### WHAT YOU WILL DO
Once the pictures are removed, return each record below exactly as written.

Collection entries:
-----
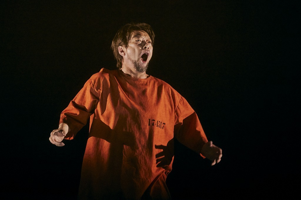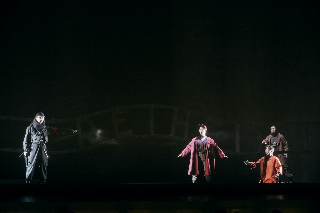 実際、序曲が鳴り出す前に、舞台上に映像とともに詩的な数行の詞が投影され、その内容によって、これから作品を見るにあたっての “前提条件” が提示される。まさしく、深作版『フィデリオ』のストーリーが、戦後75年における 「人間の自由への闘い」であることが明示されるのだ。
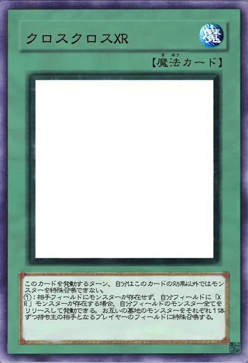| このカードを発動するターン、自分はこのカードの効果以外ではモンスターを特殊召喚できない。 ①:相手フィールドにモンスターが存在せず、自分フィールドに「XR」モンスターが存在する場合、自分フィールドのモンスター全てをリリースして発動できる。お互いの墓地のモンスターをそれぞれ1体ずつ持ち主の相手となるプレイヤーのフィールドに特殊召喚する。 | |||
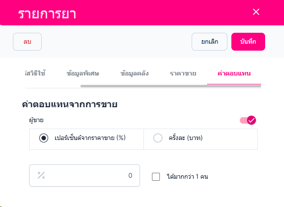 • ค่าตอบแทน สามารถแก้ไขข้อมูล ค่าตอบแทนจากการขายได้สามารถแก้เป็นแบบเปอร์เซ็นหรือบาทได้ และสามารถแก้ไขการแบ่งค่าตอบแทนเป็นแบบเฉลี่ยหรือแบบบุคคลได้
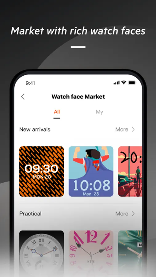 [Change Dial]: A rich selection of watch face themes are available in the brand-new cloud dial market, giving your device a new look every day;
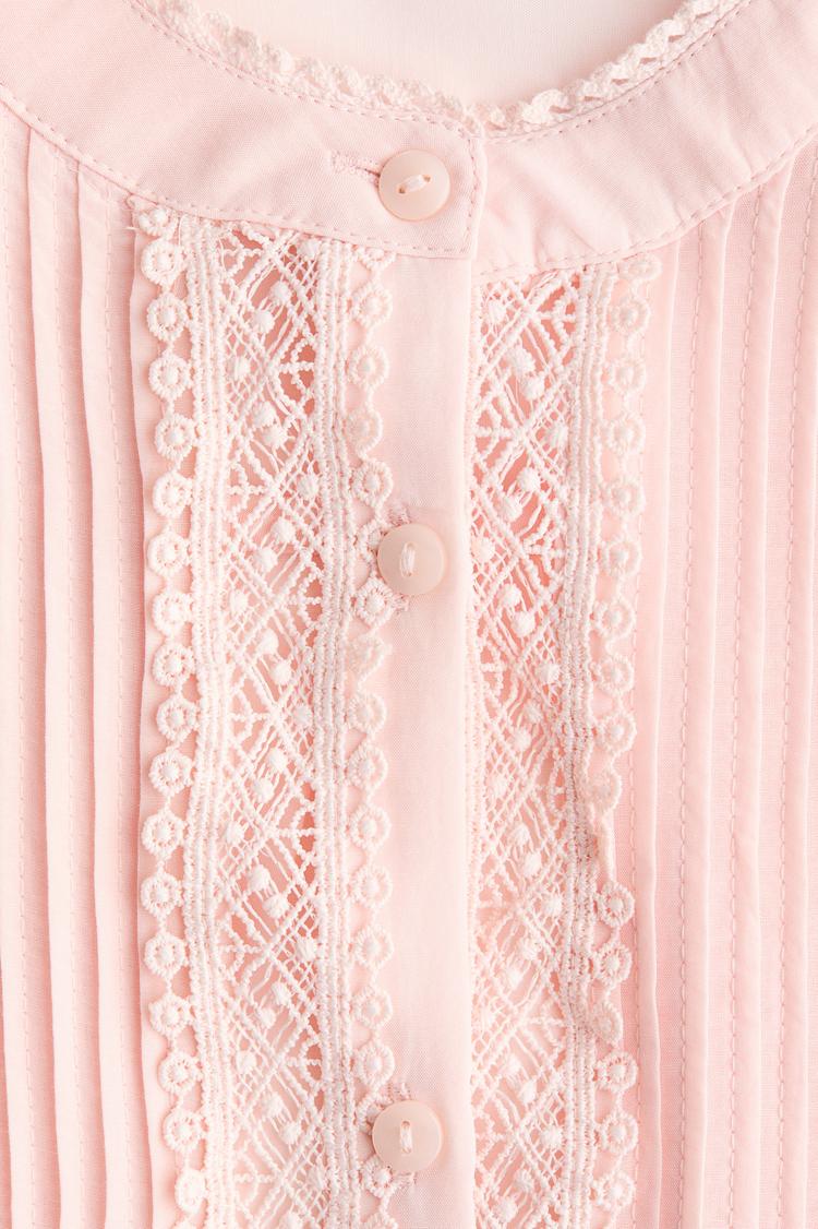 Soft light pink hues and delicate lace trim define this romantic blouson blouse. Featuring intricate pintuck pleats along the front and a classic round neckline with button closure, it offers a regular fit that balances comfort and elegance. Ideal for spring and summer, this blouse suits casual outings, workwear, and brunch occasions with its timeless, refined style.
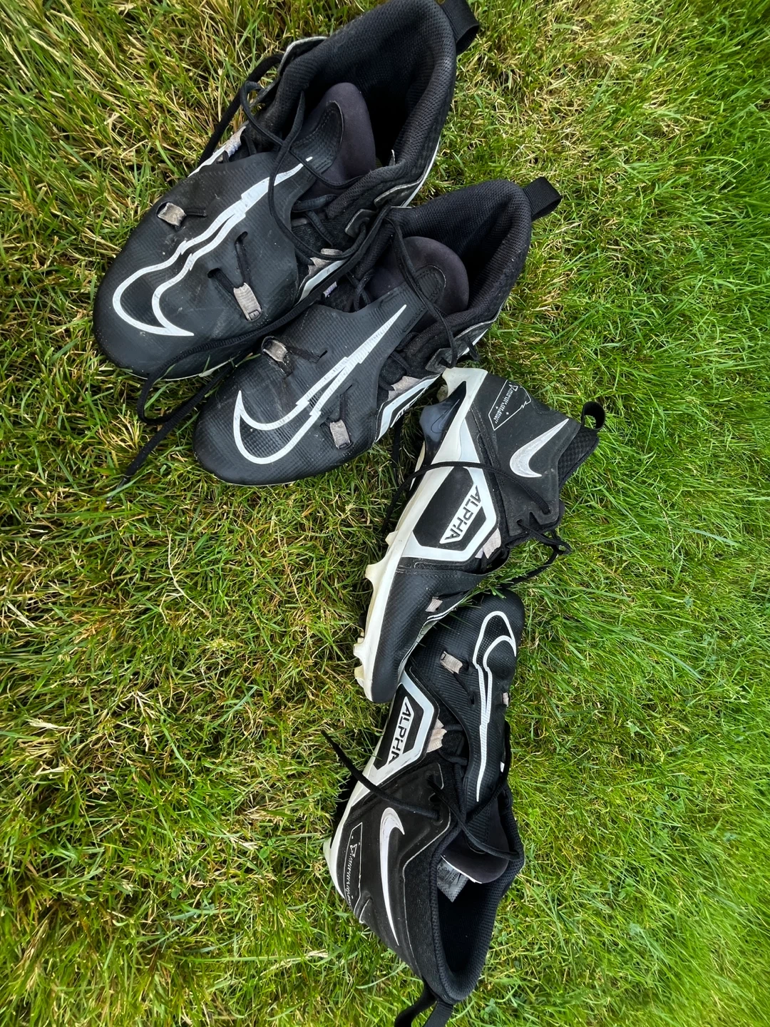 Selling a pair of Nike Alpha Menace football cleats. They're in good condition and ready for the field! Perfect for your next game or practice. Sizes 11.5 and 12 35$ each
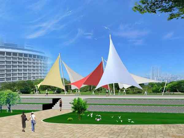 2、景觀膜結構是目前發(fā)展很快的一種新型空間結構,是一種效率極高的張力集成體系,可以充分發(fā)揮鋼索的強度與張拉整體結構的空間作用。它通過鋼骨架、鋼索與膜材共同受力形式穩(wěn)定曲面來覆蓋建筑空間,具有高度的形體可塑性和結構靈活性,即通過對膜材內部施加一定的預張力,使其具備了抵抗外荷載能力,從而充當結構材料的一種結構體系。我公司先后在池州地區(qū)承接了池州百荷公園景觀、皋城中心廣場景觀、池州萬達廣場景觀小品的設計施工,簡介如下:
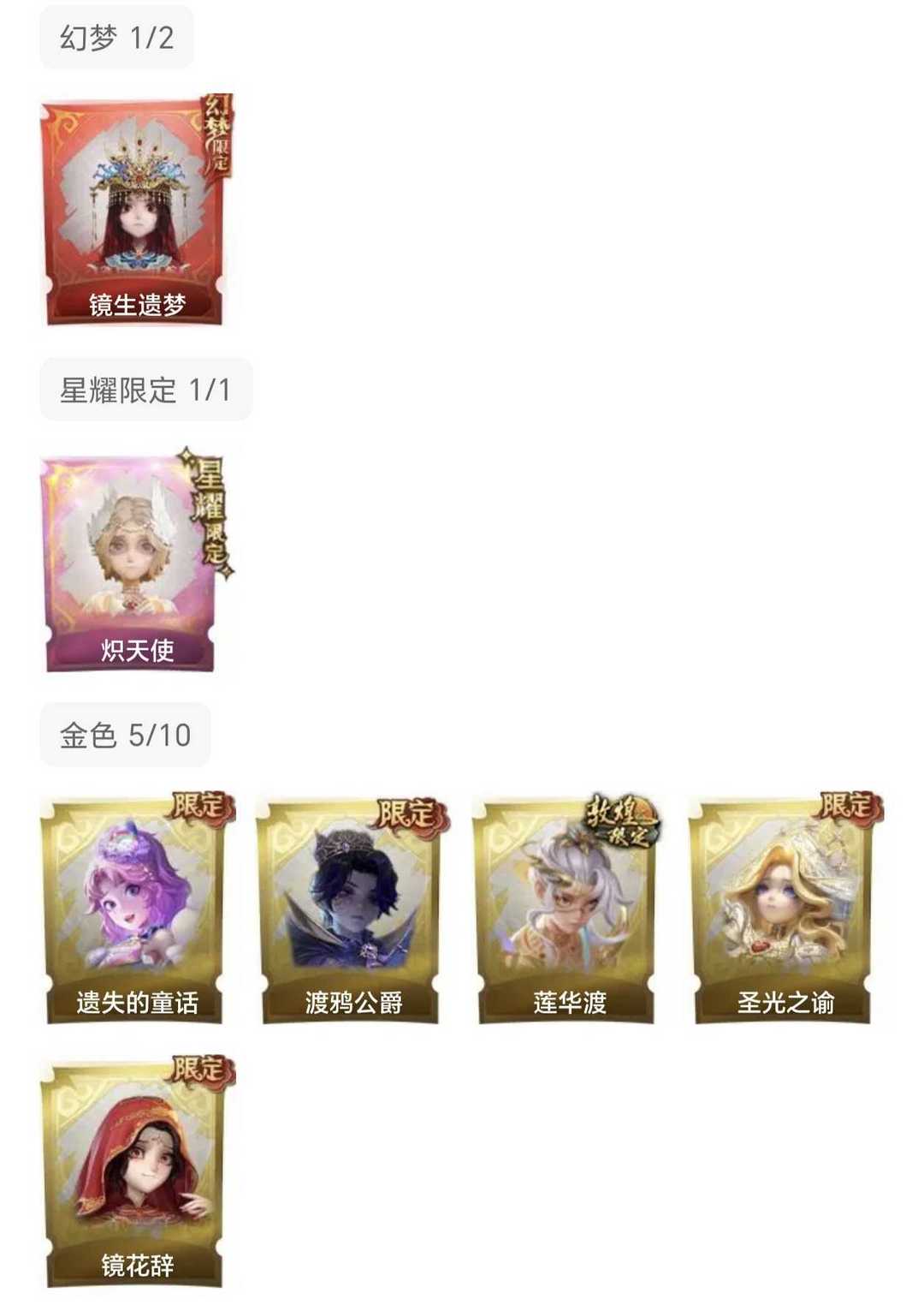 1幻梦1星耀5金15紫64道具皮◆镜生遗梦炽天使莲华渡渡鸦公爵逍遥圣光之谕遗失的童话镜花辞◆甜梦派对
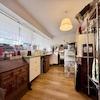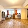Geradeaus gelangen Sie in den größten der drei Räume, ausgestattet mit einer modernen Einbauküche und hochwertigem Eichenboden. Eine breite Fensterfront sorgt für viel Tageslicht und schafft eine helle, freundliche Atmosphäre. Von hier aus öffnen sich zwei weitere, ebenfalls mit Eichenboden versehene Räume, die vielfältige Nutzungsmöglichkeiten bieten.
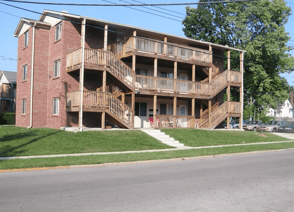 This apartment building is located at the corner of Rose Lane and Aylesford Place, directly across the street from the Sigma Nu Fraternity House and just steps away from UK’s Campus and the W.T. Young Library.  The building was built completely brand new in 2004.  This apartment is on the second floor and features real wood floors and stained trim throughout with ceramic tile in the bathroom/laundry area. There is an extra-large living room with open concept kitchen and bar counter.  Both bedrooms are large and have wide closets.  There are extra closets in the back bedroom and in the living room.  The kitchen has a smooth-top range, dishwasher and refrigerator with glass shelves and ice maker. The unit has central heating/A/C.  The entire building features smoke alarms, fire separations between units and a sprinkler system throughout for added safety. The property also features a large, well-lit off-street parking lot and a front patio area for resident use.
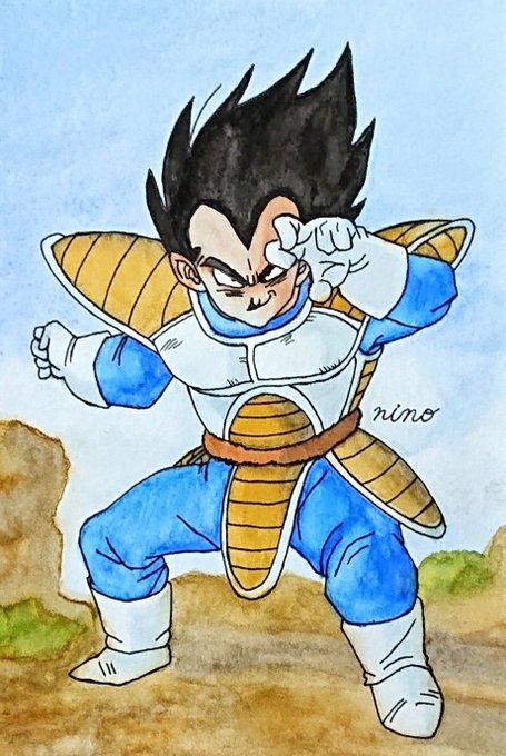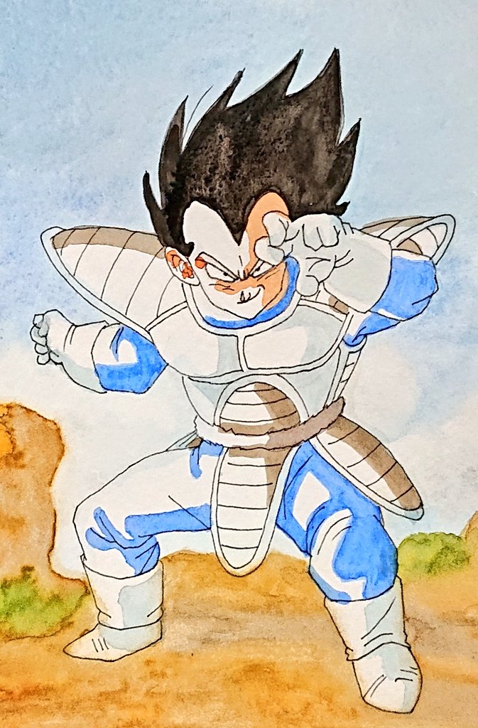 もちろんこのイラストを描いたら次のイラストはもうみんな分かるよね⁉️ 次回のイラスト発表を楽しみにしててくださ~い‼️ヾ(o≧∀≦o)ノ゙ #ドラゴンボール #ドラゴンボールイラスト #ベジータ #模写 #水彩画 #絵描きさんと繋がりたい #絵が上手くなりたい #鳥山明 #鳥山明先生 #週刊少年ジャンプ
-----
### EXERCISE RESULT
 実際、序曲が鳴り出す前に、舞台上に映像とともに詩的な数行の詞が投影され、その内容によって、これから作品を見るにあたっての “前提条件” が提示される。まさしく、深作版『フィデリオ』のストーリーが、戦後75年における 「人間の自由への闘い」であることが明示されるのだ。
| このカードを発動するターン、自分はこのカードの効果以外ではモンスターを特殊召喚できない。 ①:相手フィールドにモンスターが存在せず、自分フィールドに「XR」モンスターが存在する場合、自分フィールドのモンスター全てをリリースして発動できる。お互いの墓地のモンスターをそれぞれ1体ずつ持ち主の相手となるプレイヤーのフィールドに特殊召喚する。 | |||
 • ค่าตอบแทน สามารถแก้ไขข้อมูล ค่าตอบแทนจากการขายได้สามารถแก้เป็นแบบเปอร์เซ็นหรือบาทได้ และสามารถแก้ไขการแบ่งค่าตอบแทนเป็นแบบเฉลี่ยหรือแบบบุคคลได้
 [Change Dial]: A rich selection of watch face themes are available in the brand-new cloud dial market, giving your device a new look every day;
 Soft light pink hues and delicate lace trim define this romantic blouson blouse. Featuring intricate pintuck pleats along the front and a classic round neckline with button closure, it offers a regular fit that balances comfort and elegance. Ideal for spring and summer, this blouse suits casual outings, workwear, and brunch occasions with its timeless, refined style.
 Selling a pair of Nike Alpha Menace football cleats. They're in good condition and ready for the field! Perfect for your next game or practice. Sizes 11.5 and 12 35$ each
 2、景觀膜結構是目前發(fā)展很快的一種新型空間結構,是一種效率極高的張力集成體系,可以充分發(fā)揮鋼索的強度與張拉整體結構的空間作用。它通過鋼骨架、鋼索與膜材共同受力形式穩(wěn)定曲面來覆蓋建筑空間,具有高度的形體可塑性和結構靈活性,即通過對膜材內部施加一定的預張力,使其具備了抵抗外荷載能力,從而充當結構材料的一種結構體系。我公司先后在池州地區(qū)承接了池州百荷公園景觀、皋城中心廣場景觀、池州萬達廣場景觀小品的設計施工,簡介如下:
 1幻梦1星耀5金15紫64道具皮◆镜生遗梦炽天使莲华渡渡鸦公爵逍遥圣光之谕遗失的童话镜花辞◆甜梦派对
Geradeaus gelangen Sie in den größten der drei Räume, ausgestattet mit einer modernen Einbauküche und hochwertigem Eichenboden. Eine breite Fensterfront sorgt für viel Tageslicht und schafft eine helle, freundliche Atmosphäre. Von hier aus öffnen sich zwei weitere, ebenfalls mit Eichenboden versehene Räume, die vielfältige Nutzungsmöglichkeiten bieten.
 This apartment building is located at the corner of Rose Lane and Aylesford Place, directly across the street from the Sigma Nu Fraternity House and just steps away from UK’s Campus and the W.T. Young Library.  The building was built completely brand new in 2004.  This apartment is on the second floor and features real wood floors and stained trim throughout with ceramic tile in the bathroom/laundry area. There is an extra-large living room with open concept kitchen and bar counter.  Both bedrooms are large and have wide closets.  There are extra closets in the back bedroom and in the living room.  The kitchen has a smooth-top range, dishwasher and refrigerator with glass shelves and ice maker. The unit has central heating/A/C.  The entire building features smoke alarms, fire separations between units and a sprinkler system throughout for added safety. The property also features a large, well-lit off-street parking lot and a front patio area for resident use.
 もちろんこのイラストを描いたら次のイラストはもうみんな分かるよね⁉️ 次回のイラスト発表を楽しみにしててくださ~い‼️ヾ(o≧∀≦o)ノ゙ #ドラゴンボール #ドラゴンボールイラスト #ベジータ #模写 #水彩画 #絵描きさんと繋がりたい #絵が上手くなりたい #鳥山明 #鳥山明先生 #週刊少年ジャンプ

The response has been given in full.